How to complete this task
In the entries that follow, the lines from the line containing "A close-up of" up to and including the line containing "ست مردانه ساعت" must be copied exactly, with pictures omitted.

** Opening The input block **

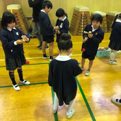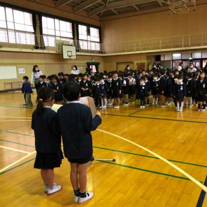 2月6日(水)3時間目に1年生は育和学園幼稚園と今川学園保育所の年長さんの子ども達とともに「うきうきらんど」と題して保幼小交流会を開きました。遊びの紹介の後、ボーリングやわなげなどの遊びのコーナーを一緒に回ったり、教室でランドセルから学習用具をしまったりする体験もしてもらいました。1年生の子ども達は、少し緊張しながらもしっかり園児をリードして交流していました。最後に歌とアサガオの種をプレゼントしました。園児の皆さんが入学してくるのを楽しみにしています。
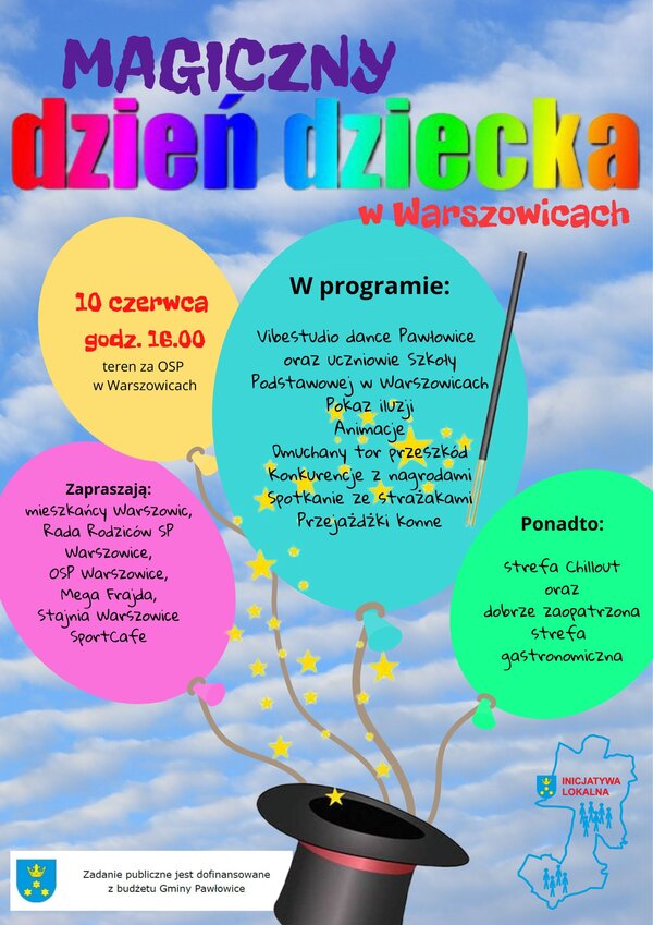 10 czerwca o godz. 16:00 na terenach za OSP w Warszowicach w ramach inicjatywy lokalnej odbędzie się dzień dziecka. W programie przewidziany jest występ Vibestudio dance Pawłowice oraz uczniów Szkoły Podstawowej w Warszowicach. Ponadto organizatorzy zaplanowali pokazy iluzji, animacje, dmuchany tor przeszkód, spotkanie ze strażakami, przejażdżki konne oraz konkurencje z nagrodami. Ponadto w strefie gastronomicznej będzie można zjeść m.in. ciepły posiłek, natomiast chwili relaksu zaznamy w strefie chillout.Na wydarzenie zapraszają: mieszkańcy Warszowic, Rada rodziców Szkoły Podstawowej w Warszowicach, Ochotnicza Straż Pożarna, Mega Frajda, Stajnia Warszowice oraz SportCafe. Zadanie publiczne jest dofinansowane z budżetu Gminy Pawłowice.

** Closing The input block **
** Opening The input block **

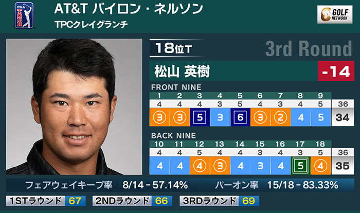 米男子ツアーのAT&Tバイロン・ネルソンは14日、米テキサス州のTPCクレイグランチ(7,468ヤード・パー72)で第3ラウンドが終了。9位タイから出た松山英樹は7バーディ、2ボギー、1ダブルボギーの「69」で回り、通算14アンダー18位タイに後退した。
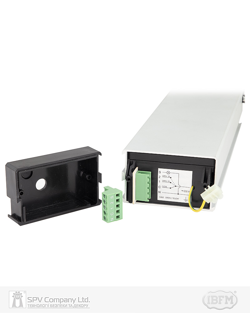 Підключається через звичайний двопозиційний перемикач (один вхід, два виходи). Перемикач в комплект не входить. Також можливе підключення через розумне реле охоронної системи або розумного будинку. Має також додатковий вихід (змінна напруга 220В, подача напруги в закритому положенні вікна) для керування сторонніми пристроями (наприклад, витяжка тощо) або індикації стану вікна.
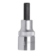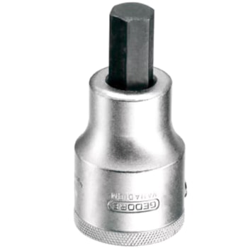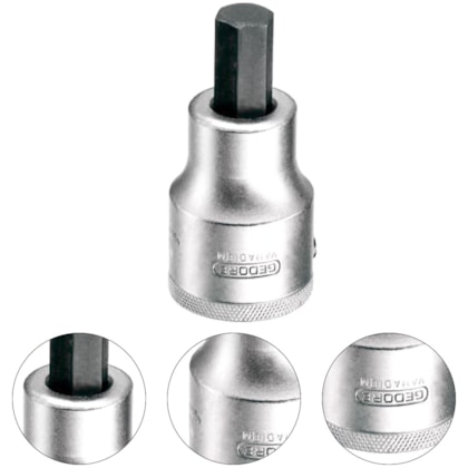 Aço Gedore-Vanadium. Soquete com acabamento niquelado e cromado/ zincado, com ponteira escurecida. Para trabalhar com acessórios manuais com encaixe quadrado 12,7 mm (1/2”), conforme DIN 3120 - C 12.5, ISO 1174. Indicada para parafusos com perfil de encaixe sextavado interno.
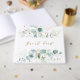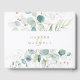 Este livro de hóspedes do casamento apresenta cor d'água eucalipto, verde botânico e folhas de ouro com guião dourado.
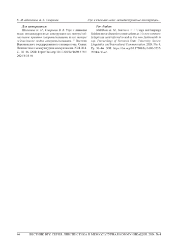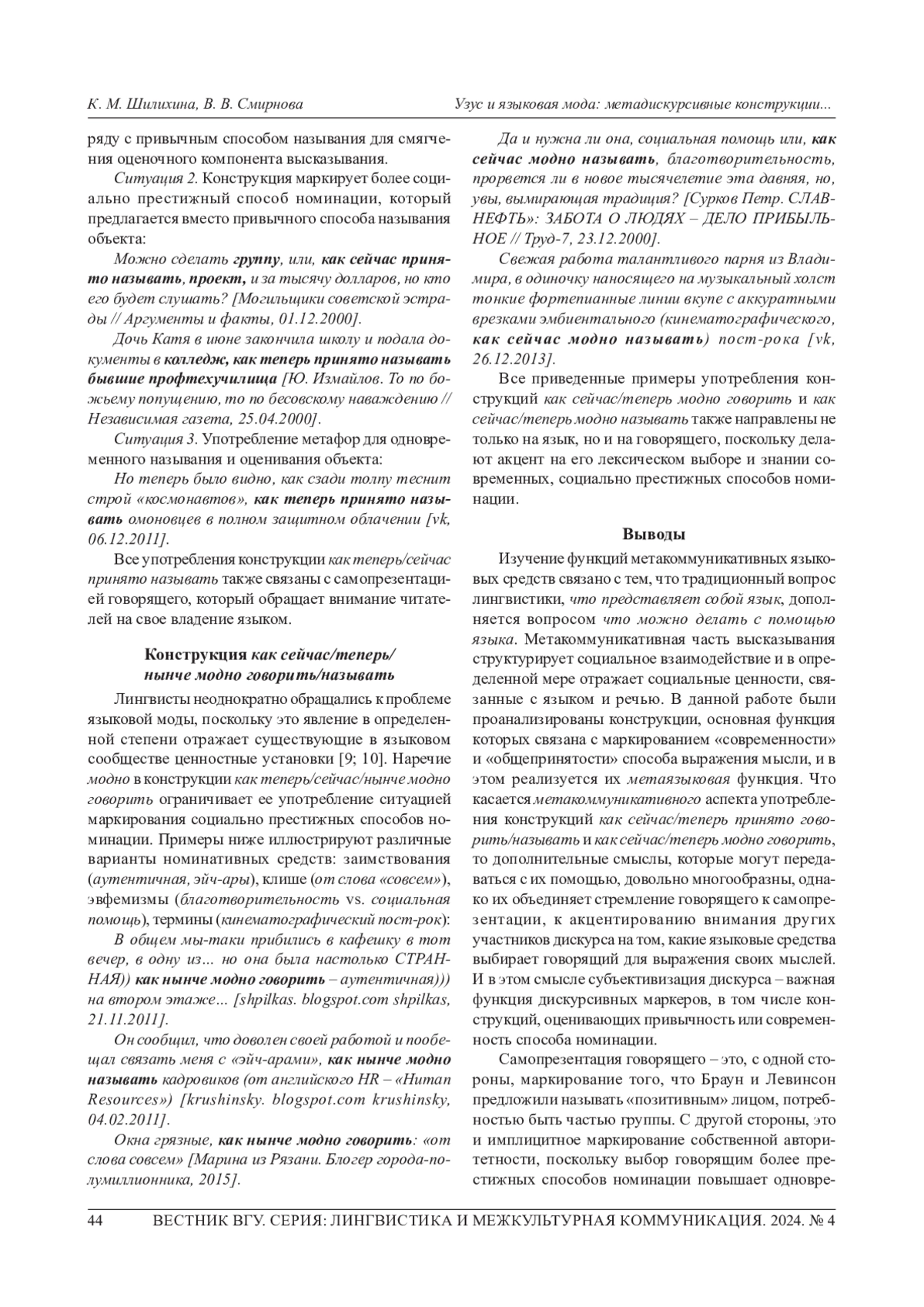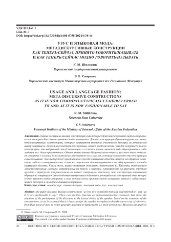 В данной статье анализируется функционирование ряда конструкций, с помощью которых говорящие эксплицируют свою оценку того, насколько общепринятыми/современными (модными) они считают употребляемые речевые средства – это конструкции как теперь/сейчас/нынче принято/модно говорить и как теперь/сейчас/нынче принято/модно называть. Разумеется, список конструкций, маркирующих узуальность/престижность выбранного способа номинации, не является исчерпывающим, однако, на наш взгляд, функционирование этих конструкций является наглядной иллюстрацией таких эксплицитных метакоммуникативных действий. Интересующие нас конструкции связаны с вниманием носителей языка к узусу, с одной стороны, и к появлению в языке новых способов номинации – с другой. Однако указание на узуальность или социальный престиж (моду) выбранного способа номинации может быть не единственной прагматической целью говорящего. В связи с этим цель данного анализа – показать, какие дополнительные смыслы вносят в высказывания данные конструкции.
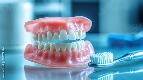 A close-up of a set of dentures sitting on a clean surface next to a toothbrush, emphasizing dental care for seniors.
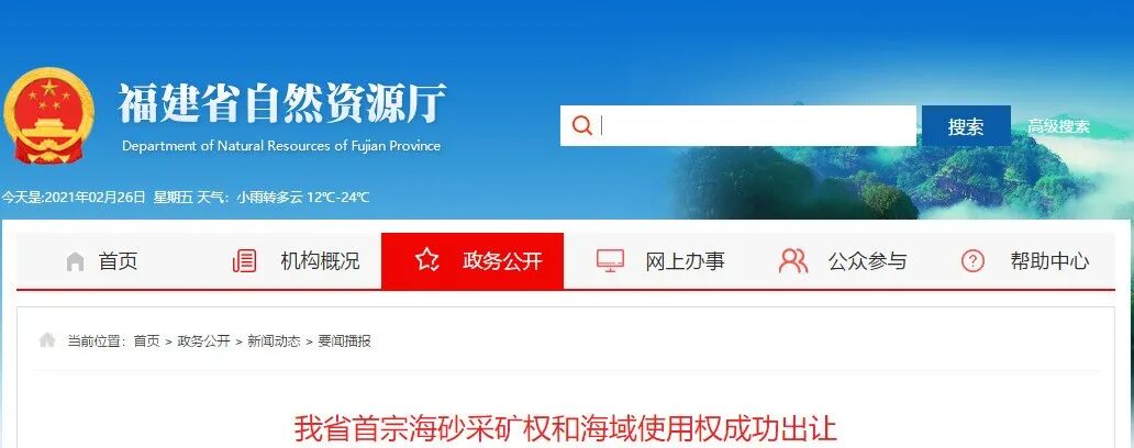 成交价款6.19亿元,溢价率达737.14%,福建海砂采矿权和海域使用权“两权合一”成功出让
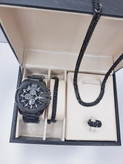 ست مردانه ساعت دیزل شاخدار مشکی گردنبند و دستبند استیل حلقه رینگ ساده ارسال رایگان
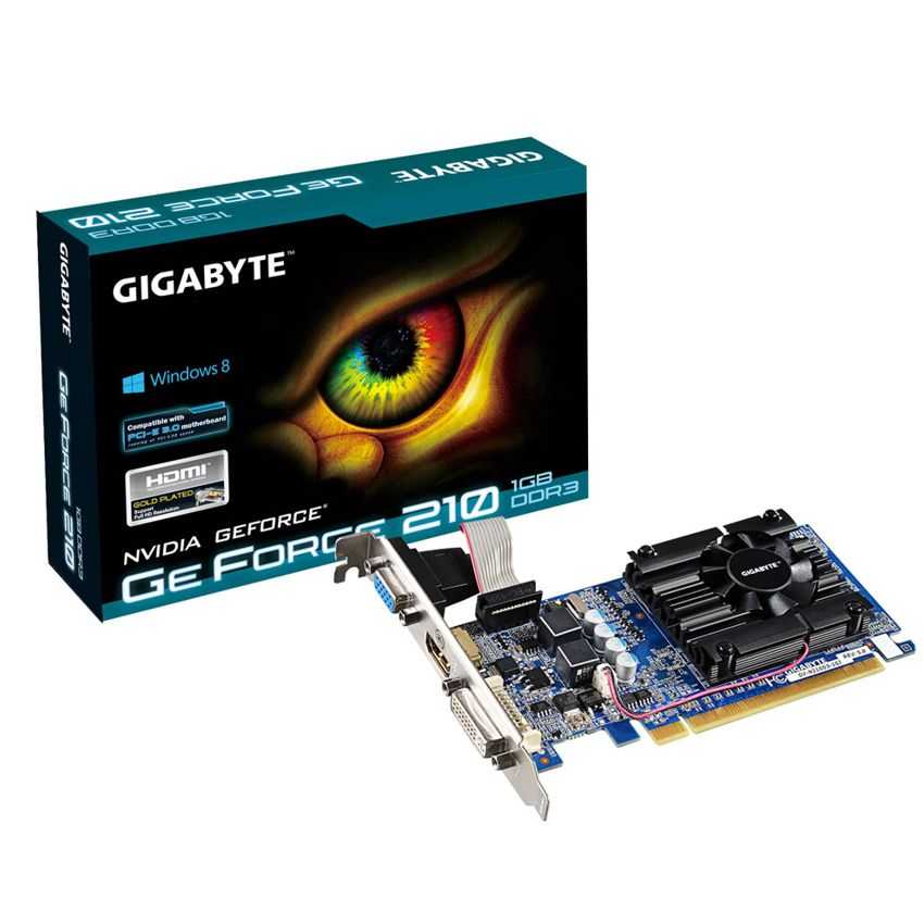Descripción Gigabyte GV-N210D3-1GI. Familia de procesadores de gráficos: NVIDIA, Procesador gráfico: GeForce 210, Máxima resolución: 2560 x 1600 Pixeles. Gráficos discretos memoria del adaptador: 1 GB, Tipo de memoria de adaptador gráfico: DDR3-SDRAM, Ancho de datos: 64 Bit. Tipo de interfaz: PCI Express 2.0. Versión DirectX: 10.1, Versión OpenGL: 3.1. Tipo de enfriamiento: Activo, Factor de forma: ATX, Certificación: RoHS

** Closing The input block **
** Opening The input block **

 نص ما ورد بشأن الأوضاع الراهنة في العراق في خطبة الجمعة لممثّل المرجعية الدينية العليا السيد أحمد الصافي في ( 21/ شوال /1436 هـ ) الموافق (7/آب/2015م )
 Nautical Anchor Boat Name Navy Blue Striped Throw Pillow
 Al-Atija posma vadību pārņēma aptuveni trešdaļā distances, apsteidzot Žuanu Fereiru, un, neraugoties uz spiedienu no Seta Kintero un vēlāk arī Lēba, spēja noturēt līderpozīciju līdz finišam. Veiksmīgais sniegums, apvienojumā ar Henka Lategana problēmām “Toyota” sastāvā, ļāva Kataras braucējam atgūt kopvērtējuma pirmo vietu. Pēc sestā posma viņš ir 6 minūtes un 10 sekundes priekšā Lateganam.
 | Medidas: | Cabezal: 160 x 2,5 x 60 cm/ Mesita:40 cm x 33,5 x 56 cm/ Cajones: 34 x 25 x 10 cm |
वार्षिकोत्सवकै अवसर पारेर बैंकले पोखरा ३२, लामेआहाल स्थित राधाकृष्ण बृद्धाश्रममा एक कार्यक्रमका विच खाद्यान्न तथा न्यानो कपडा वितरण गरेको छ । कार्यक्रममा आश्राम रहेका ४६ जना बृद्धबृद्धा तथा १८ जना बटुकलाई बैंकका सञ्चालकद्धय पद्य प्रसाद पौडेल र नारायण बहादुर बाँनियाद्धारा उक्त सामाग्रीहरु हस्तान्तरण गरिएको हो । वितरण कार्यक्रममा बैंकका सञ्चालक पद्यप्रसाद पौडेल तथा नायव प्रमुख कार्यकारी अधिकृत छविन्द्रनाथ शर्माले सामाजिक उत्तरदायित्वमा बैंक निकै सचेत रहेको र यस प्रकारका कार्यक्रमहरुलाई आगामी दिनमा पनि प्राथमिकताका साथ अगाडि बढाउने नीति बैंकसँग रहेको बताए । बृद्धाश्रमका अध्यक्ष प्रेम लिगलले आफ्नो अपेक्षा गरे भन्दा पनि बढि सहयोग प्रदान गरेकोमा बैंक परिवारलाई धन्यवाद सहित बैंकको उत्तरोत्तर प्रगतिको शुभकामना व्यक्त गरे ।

** Closing The input block **

Written solution
 A close-up of a set of dentures sitting on a clean surface next to a toothbrush, emphasizing dental care for seniors.
 成交价款6.19亿元,溢价率达737.14%,福建海砂采矿权和海域使用权“两权合一”成功出让
 ست مردانه ساعت دیزل شاخدار مشکی گردنبند و دستبند استیل حلقه رینگ ساده ارسال رایگان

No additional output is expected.